Working...
ClinicalTrials.gov
ClinicalTrials.gov Menu

Olive Oil and Soybean 1 Oil Based Intravenous Lipid Emulsions, Liver Chemistry and Clinical Outcomes

The safety and scientific validity of this study is the responsibility of the study sponsor and investigators. Listing a study does not mean it has been evaluated by the U.S. Federal Government. Read our disclaimer for details.
ClinicalTrials.gov Identifier: NCT03442361
Recruitment Status : Completed
First Posted : February 22, 2018
Last Update Posted : February 22, 2018
Sponsor:
Information provided by (Responsible Party):
Maitreyi Raman, University of Calgary

Brief Summary:

Background: Intravenous lipid emulsions (IVLE) are an essential component of parenteral nutrition (PN).
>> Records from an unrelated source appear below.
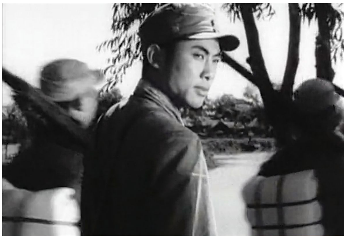
Image 33. L'instructeur tournant la tête et cherchant Ermeizi du regard 157

Dans le film, lorsque la Nouvelle Quatrième armée, saluée par les villageois, quitte le village de Liubao pour la première fois, l'instructeur cherche à distinguer Ermeizi dans la foule, mais en vain. Il demande alors à son frère cadet, Xiaoniu : « Où est passée ta grande sœur ? ». Xiaoniu secoue la tête : « Aucune idée ». Puis Xiaoniu rejoint Li Jin et l'appelle tendrement : « Brigadier adjoint ». Li Jin lui caresse la tête et se met en marche sans avoir prononcé un mot. À cet instant, l'instructeur se livre en voix-off à un monologue : « Nous quittons Liubao d'un pas plutôt rapide. J'aperçois Li Jin et songe qu'il va certainement jeter un regard derrière lui. Mais il ne le fait pas, et pourtant je ne peux moi-même m'empêcher de me retourner et de regarder au loin... » (ibidem) (voir image 33). À ce moment-là, la réalisatrice filme, en plan rapproché, le profil de l'instructeur qui regarde derrière lui. En arrière-plan, les troupes en marche symbolisent la discipline de l'armée communiste : les soldats n'ont pas droit aux relations amoureuses. L'instructeur tourne la tête, le regard fixe, signifiant ainsi qu'il comprend les sentiments amoureux liants Li Jin et Ermeizi et qu'il compatit avec la peine de leur séparation. C'est une façon de dévoiler sa part d'humanité.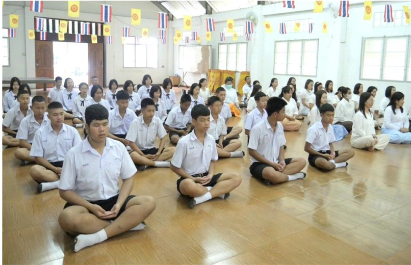
ภาพสาธุชน/นักเรียน นั่งร่วมกิจกรรมอย่างเป็นระเบียบสวยงาม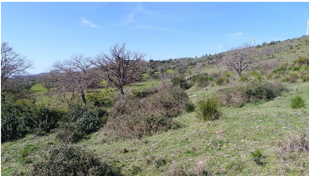
PANORAMICA DA EST'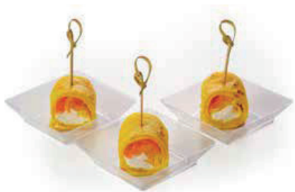
ВАНИЛЬНАЯ НЕРКА 180г. 620₽ С МАНГО В АЗИАТСКОМ БЛИНЧИКЕ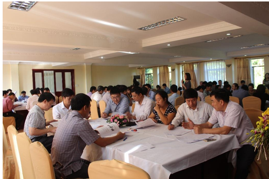
Quang cảnh Lớp Tập huấn

doanh nghiệp trong hoạch định chính sách, cải thiện môi trường đầu tư và những chuẩn mực trong việc vận động chính sách. Thông qua các thực tiễn tốt của các tuyên quang Bắc Ninh và chia sẻ của các chuyên gia, các học viên đã nắm và thực hiện khá tốt cách thức để tổ chức một cuộc đối thoại thành công nhằm tháo gỡ khó khăn vướng mắc cho doanh nghiệp.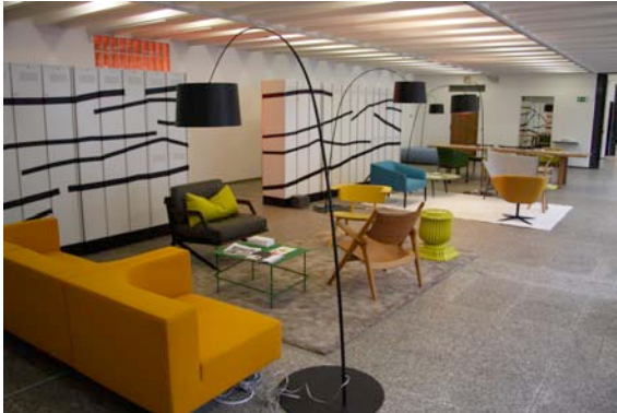
Die erste Design Lounge im MAKK eröffnete im Oktober 2011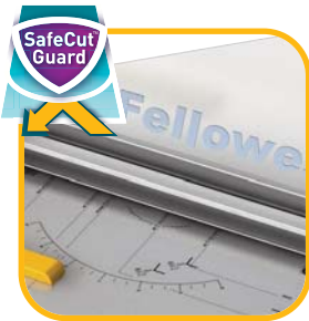
SafeCut™ Schutzvorrichtung verhindert falsche Bedienung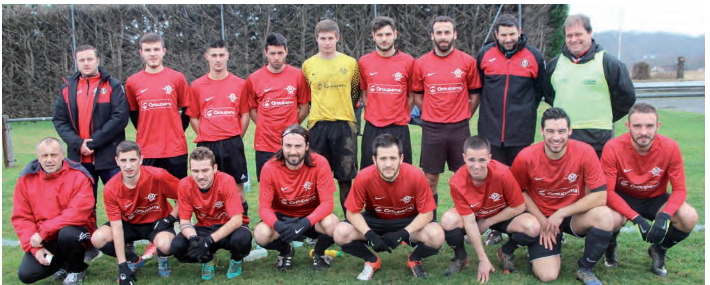
L'équipe 1 peut espérer terminer en bonne place au classement de sa poule ».

prétendre se retrouver à la tête de ce groupe. Il convient ici de remercier les dirigeants, les entraîneurs et les éducateurs pour leur implication, mais aussi les joueurs pour leur chic esprit, sans oublier les parents qui encouragent les jeunes de l'école de foot et assurent leur transport lors des déplacements. Merci aussi aux généreux bienfaiteurs lors de la tournée des calendriers.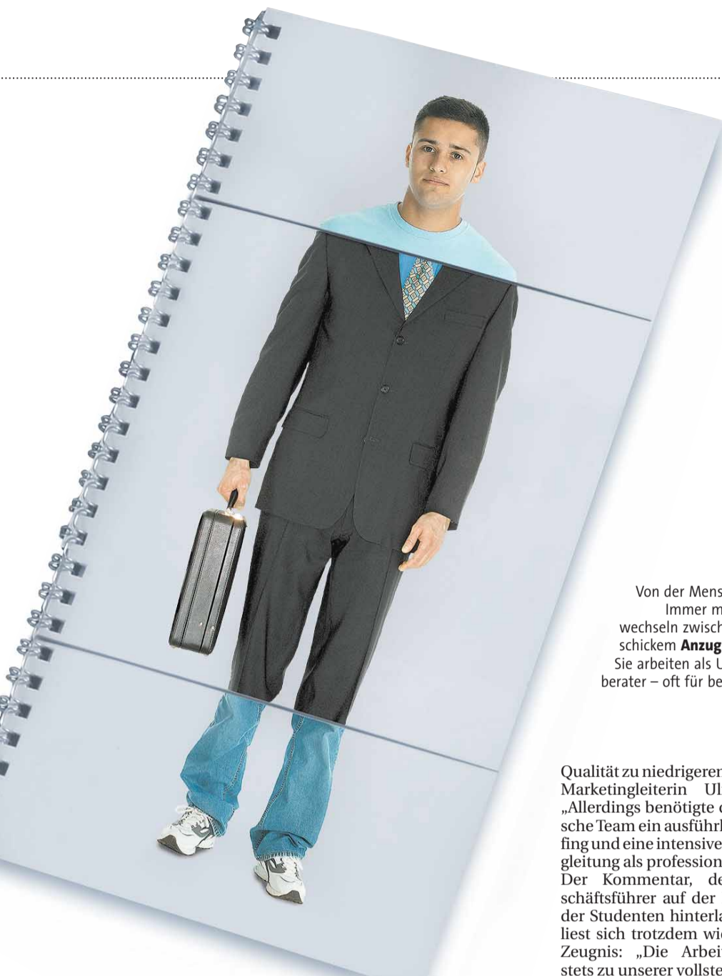
Von der Mensa ins Meeting: Immer mehr Studenten wechseln zwischen T-Shirt und schickem Anzug mit Krawatte . Sie arbeiten als Unternehmensberater – oft für bekannte Firmen

Omega-6 reducing strategies may improve outcomes, including reduced PN associated liver disease.

Objective: The primary objective was to compare serum alkaline phosphatase (ALP), among surgical and medical patients provided with either Intralipid or Clinoleic lipid emulsions.
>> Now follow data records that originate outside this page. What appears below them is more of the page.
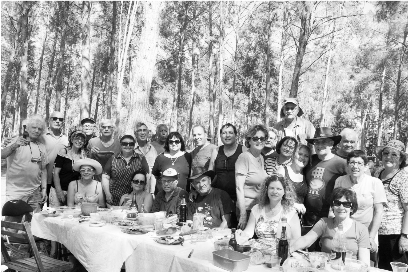
Ko kaže da nam nije lepo kada smo zajedno!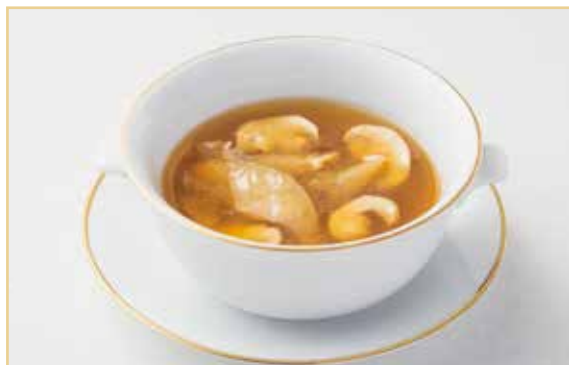
ふかのひれとマッシュルームのスूप、ポルチーニの香り 1名様用 3,000円(税込 3,300円)

きのこのうまみたっぷりの塩味ベースのあんがカリッとした麺によく絡みます。 ※麺は焼いた麺または揚げた麺からお選びください。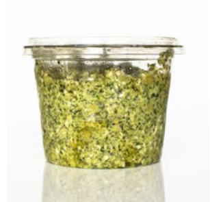
MEDLINE EDAMAME PESTO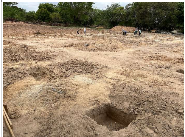
Fig. 4 – Escavações/regularização do terreno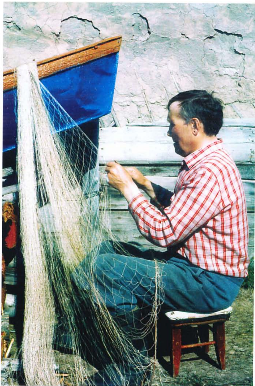
Ремонт сети.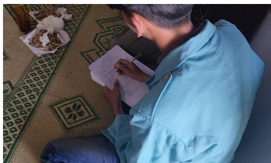
Gambar 4. Pelaksanaan wawancara dan survei kepuasan dengan kuisioner

Sebagai tindak lanjut kegiatan, dilakukan survei terhadap peserta untuk menilai peningkatan pemahaman dan tingkat kepuasan setelah mengikuti program introduksi jeruk Malang (Gambar 4). Sebagian besar peserta menyatakan puas terhadap pelaksanaan kegiatan.

Design: In this quasi-experimental study the medical records of surgical and medical adult patients were reviewed from 3 Canadian hospitals that received PN with either soybean oil (Intralipid) or predominantly olive oil (Clinoleic) based lipid emulsions for at least 7 consecutive days.


Condition or disease
Parenteral Nutrition Associated Liver Disease

Detailed Description:

A few small studies have shown that a predominantly olive oil based IVLE is well tolerated and safe, however the clinical relevance of this IVLE is uncertain as no clear benefit in outcomes has been observed in small randomized clinical trials. Given the limited data available for the adult population reporting on the experience with olive oil based IVLE, we designed a quasi-experimental study to review our experience with Clinoleic compared to Intralipid. The primary objective was to compare the impact of Intralipid and Clinoleic IVLE on serum alkaline phosphatase (ALP), pre-PN to after one week of PN (i.e. between day 8 to 16 post-PN initiation), while controlling for the ordered lipid dosing. Secondary objectives were to assess if there were differences between the IVLEs on the remaining liver function tests, lipid dosing, incidence of infectious complications, length of stay in hospital and 30- day mortality.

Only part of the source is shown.